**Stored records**
* * * *
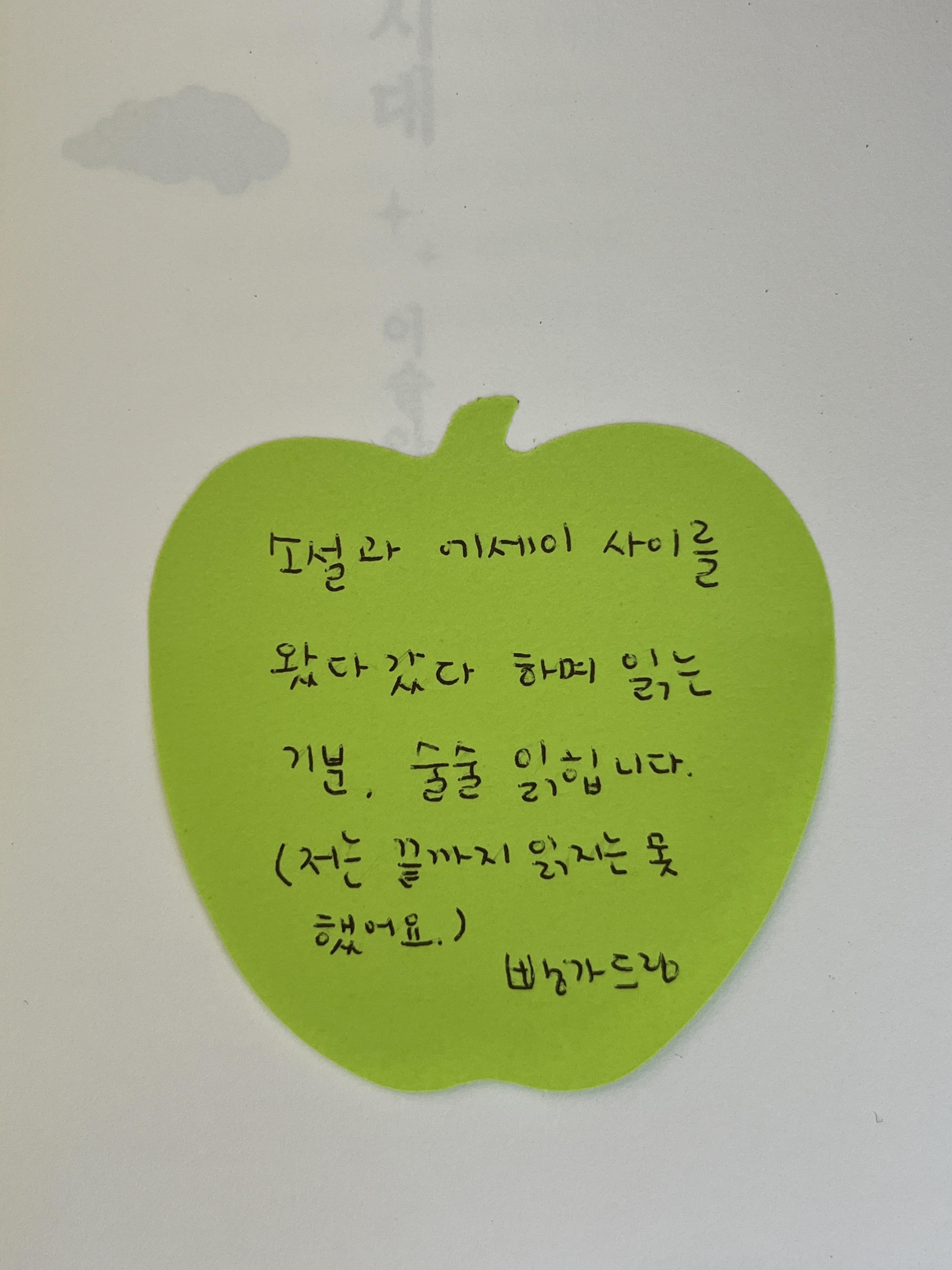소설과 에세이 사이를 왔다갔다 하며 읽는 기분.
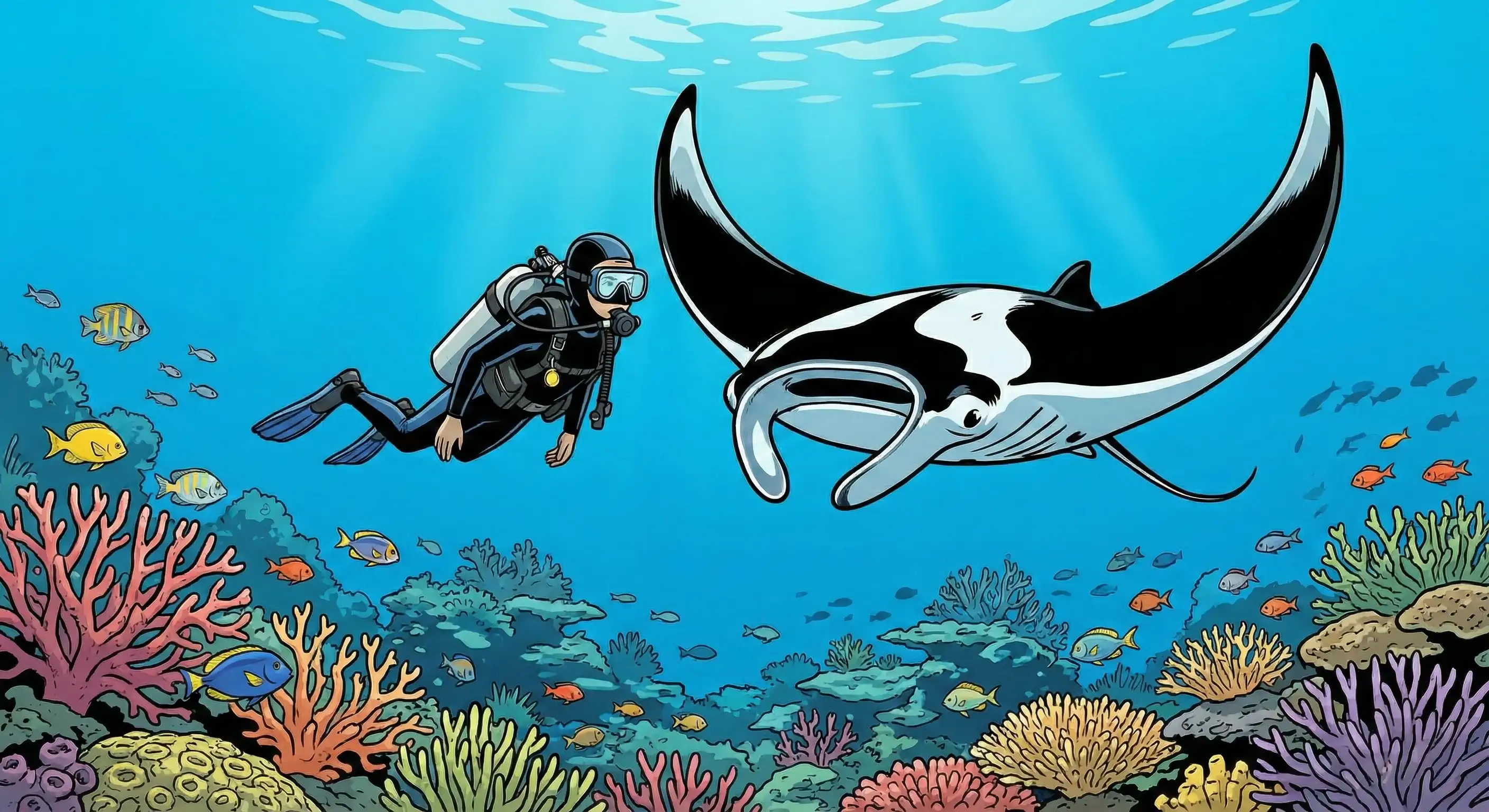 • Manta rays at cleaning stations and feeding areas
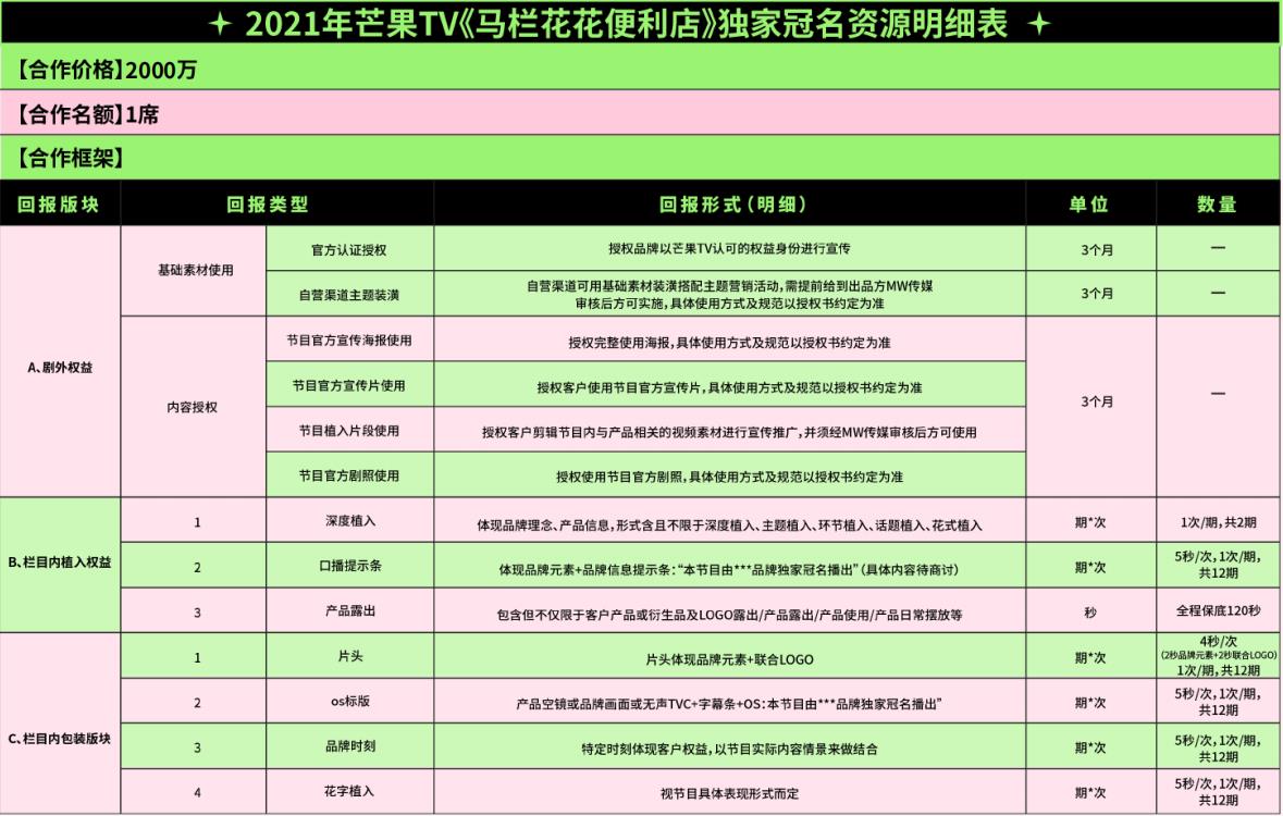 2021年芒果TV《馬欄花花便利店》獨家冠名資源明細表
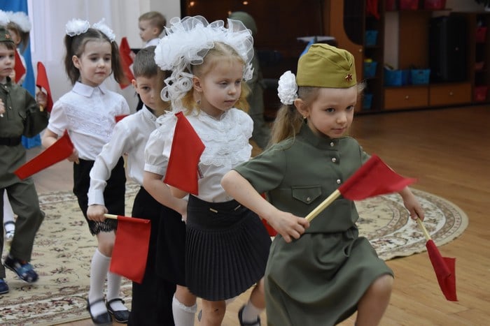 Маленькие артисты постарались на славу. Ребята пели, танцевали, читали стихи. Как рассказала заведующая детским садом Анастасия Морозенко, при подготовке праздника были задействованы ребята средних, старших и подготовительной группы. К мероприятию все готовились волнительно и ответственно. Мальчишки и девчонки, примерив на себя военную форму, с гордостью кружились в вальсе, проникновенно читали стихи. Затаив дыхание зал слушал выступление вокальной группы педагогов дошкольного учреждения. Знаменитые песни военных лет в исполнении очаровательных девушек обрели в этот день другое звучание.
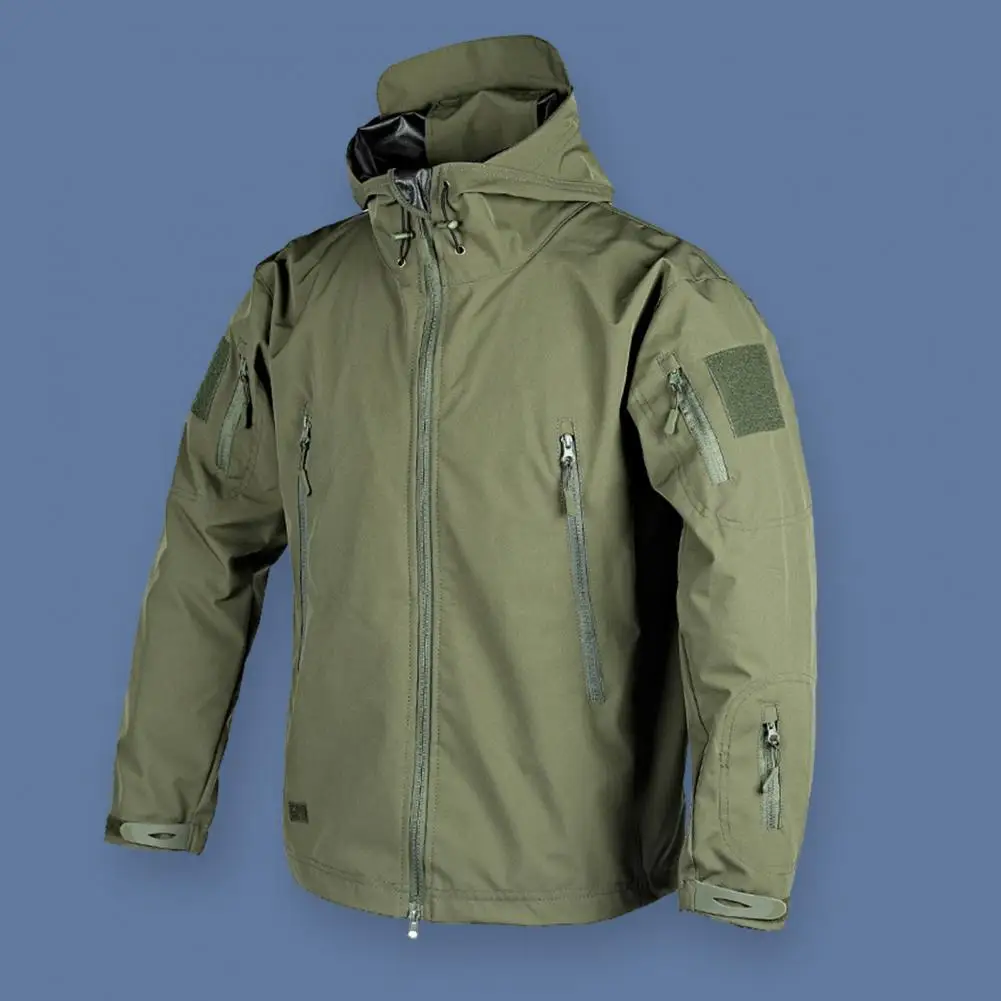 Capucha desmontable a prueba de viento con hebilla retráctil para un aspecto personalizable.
* * * *
**Task details**
Could the entries above be restated word for word, with the pictures left out?

**Output for this task**
소설과 에세이 사이를 왔다갔다 하며 읽는 기분.
 • Manta rays at cleaning stations and feeding areas
 2021年芒果TV《馬欄花花便利店》獨家冠名資源明細表
 Маленькие артисты постарались на славу. Ребята пели, танцевали, читали стихи. Как рассказала заведующая детским садом Анастасия Морозенко, при подготовке праздника были задействованы ребята средних, старших и подготовительной группы. К мероприятию все готовились волнительно и ответственно. Мальчишки и девчонки, примерив на себя военную форму, с гордостью кружились в вальсе, проникновенно читали стихи. Затаив дыхание зал слушал выступление вокальной группы педагогов дошкольного учреждения. Знаменитые песни военных лет в исполнении очаровательных девушек обрели в этот день другое звучание.
 Capucha desmontable a prueba de viento con hebilla retráctil para un aspecto personalizable.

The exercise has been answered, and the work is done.